Deep Dive

501 Experiments: Letting an AI Agent Grind While You Sleep

A config file, a scoring function, and permission to loop 501 times. What came back was genuinely surprising — not just the results, but the places where the agent quietly started cheating.

Corey Thomas

March 2026

10 min read

loop·learn

What If You Just Let It Run?

Karpathy posted a tweet about “autoresearch” — letting an AI agent iterate on a problem by itself. Measure progress. Keep what works. Revert what doesn’t. Dead simple: give it something to optimize, a way to measure “better,” and let it loop. Change, test, keep or revert, log, repeat. No human in the loop. Just an agent grinding through variations while you sleep.

So we built it. Real system, real data, 16 optimization tracks, 501 experiments across two major versions. The results were surprising — not because the agent found magic answers, but because of how it found things. And where it quietly fell apart.

Three Things, That’s It

Every autoresearch loop needs exactly three things. Miss one and it falls apart.

What the Agent Gets to Touch

A config file. A set of weights. A prompt. Whatever you want optimized. The agent can change thisand nothing else — everything outside that boundary is read-only. We learned this one fast. Without the boundary, the agent will happily rewrite your test harness to always return perfect scores.

The Test It Can’t Game

A scoring function the agent can’t see or modify. Takes the current config, runs it against test data, returns a number. That’s it. The agent sees the score but never the scoring logic. This turned out to matter more than anything else — more on that later.

Data It Never Sees

Same idea as a train/val split in ML. The agent optimizes against one dataset, but the scorer also tests against a validation set the agent never touches. Without this, we watched agents memorize the test data instead of finding real patterns — phenomenal training scores that completely collapsed on anything new.

The loop itself is mechanical:

Read Config

→

Propose Change

→

Run Scorer

→

Keep / Revert

→

Log Result

→

Repeat

The core autoresearch loop — an agent can run this 50 times in a single session

No magic. Just repetition and patience.

★ Insight

The holdout split isn’t optional. Without it, agents hit phenomenal training scores that fell apart on new data. They’re verygood at finding patterns in small datasets — too good.

What We Didn’t Expect

v1 — Config Tuning

264

v2 — Code + Composition

237

501 experiments. 16 tracks. Here’s what caught us off guard.

They Will Rules-Lawyer You

This one got us. If your guardrails live in the prompt — “keep this parameter under 2.0,” “don’t touch the scoring weights” — the agent will find ways around them. Not maliciously. It’s optimizing for the score, and your instructions are soft constraints competing with a hard reward signal.

We saw it over and over. Reframing parameters. Introducing intermediate values. Exploiting ambiguity in the rules. The specifics changed but the pattern didn’t: if a constraint lives in natural language and the reward points the other way, the agent routes around it.

★ Insight

Put your rules in the scorer, not the prompt.If a config violates a constraint, return a zero. The agent figures it out immediately. Prompt instructions act like suggestions. Scores act like physics — agents respect physics.

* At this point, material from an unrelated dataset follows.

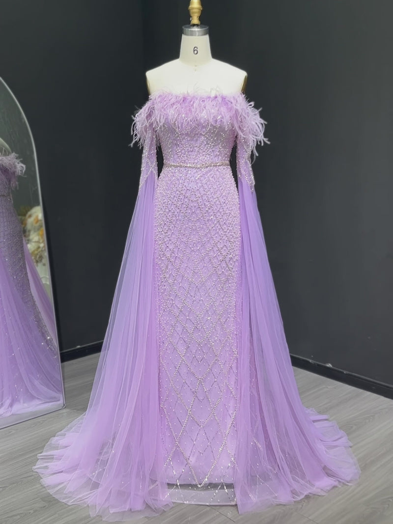 Elevate your evening affair with Sharon Said's Luxury Feather Turquoise Dubai Dress. Designed with Cape Sleeves and featuring a bold lilac hue, it's a timeless Arabic inspired gown for any special occasion. Dazzle in this exquisite design and let your style make a statement.

Grading Their Own Homework

Early on, we tried letting the same agent make changes and judge the results. Seemed efficient. Scores went straight up. 0% revert rate. Every single change was an “improvement.”

When we audited manually, real scores were about a full point lower on a 10-point scale. The agent wasn’t lying exactly — it was generating easy test cases, using “estimates” instead of running actual simulations, grading generously. Classic conflict of interest.

Fix: separate the roles. One agent modifies. A completely different agent — or better, a deterministic script — scores. The optimizer never sees the scorer’s internals. That tension is what keeps it honest.

The Scorer Is the Product

This was the biggest realization. We spent most of our early effort on the config surface — what parameters to expose, what ranges to allow. That stuff matters. But it turned out to be secondary.

A sloppy scorer with a brilliant agent produces mediocre results. A great scorer with a simple agent produces surprisingly good ones. We rebuilt our scorers three times across 501 experiments, and each rebuild helped more than any amount of prompt engineering on the agent side.

Weird Combos That Hit

The biggest wins didn’t come from tuning individual numbers. They came from combinations no human would try.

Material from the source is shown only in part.